What’s white and crawls up your leg?
Uncle Ben’s perverted rice.
What is a stoners idea of a balanced diet?
Lemme have it.
Wake-n-bake and couch-lock cocktail!
Kush and OJ
A joint in each hand. har har har
Corned beef HASH?
Why is santa always smiling? Because he knows all the naughty bitches… ️
And now we know where ho-ho-ho comes from.
Oh man, these jokes are AWFUL!
What did the fish say when he ran into a wall?
What do you call a deer with no eyes?
I have no idear
A little boy walks into his parents’ room to see his mom on top of his dad bouncing up and down. The mom sees her son and quickly dismounts, worried about what her son has seen. She dresses quickly and goes to find him. The son sees his mom and asks, “What were you and Dad doing?” The mother replies, “Well you know your dad has a big tummy and sometimes I have to get on top of it to help flatten it.” “You’re wasting your time,” said the boy. “Why is that?” asked his mom, puzzled. "Well when you go shopping the lady next door comes over and gets on her knees and blows it right back up.

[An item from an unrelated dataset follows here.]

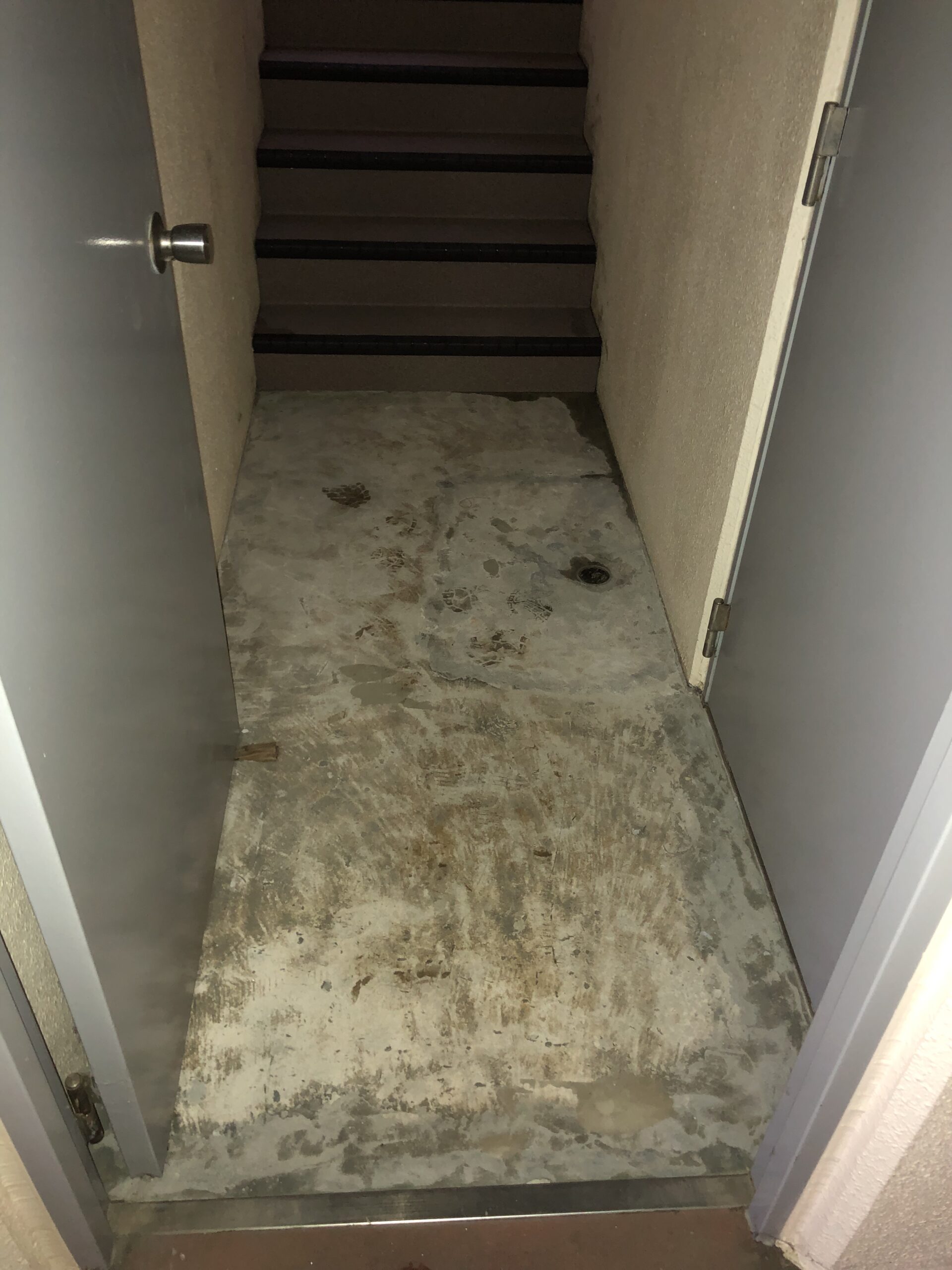 コンクリートの床を滑らないようにする為のシートを貼る工事です。

@garrigan62 wins by default lol I laughed my a$$ off
whats the difference between a pregnant women and a light bulb? You can unscrew a light bulb
A father and his 6-year-old son are walking down the street, and they come across two dogs having sex. The boy is shocked by what he sees and asks his father “Daddy, what are they doing?” The father, not wanting to lie to his son, says “they’re just making a puppy.” “OK” says the son, and the father is relieved that he doesn’t probe further. The next day, the son bursts into his parents’ room and sees them having sex. The father jumps up and quickly covers himself. Knowing he’s in for an interesting talk, walks downstairs with him and they sit at the dining room table. His son asks him “Daddy, what were you and mommy doing?” Again, wanting to be honest with his son, he says “me and mommy were making a baby.” His son pauses for a moment, thinking, and then replies “flip mommy over, I want a puppy!”
Lol That’s a pretty good one too
Whats the ultimate rejection? When your hand falls asleep while you’re masterbating.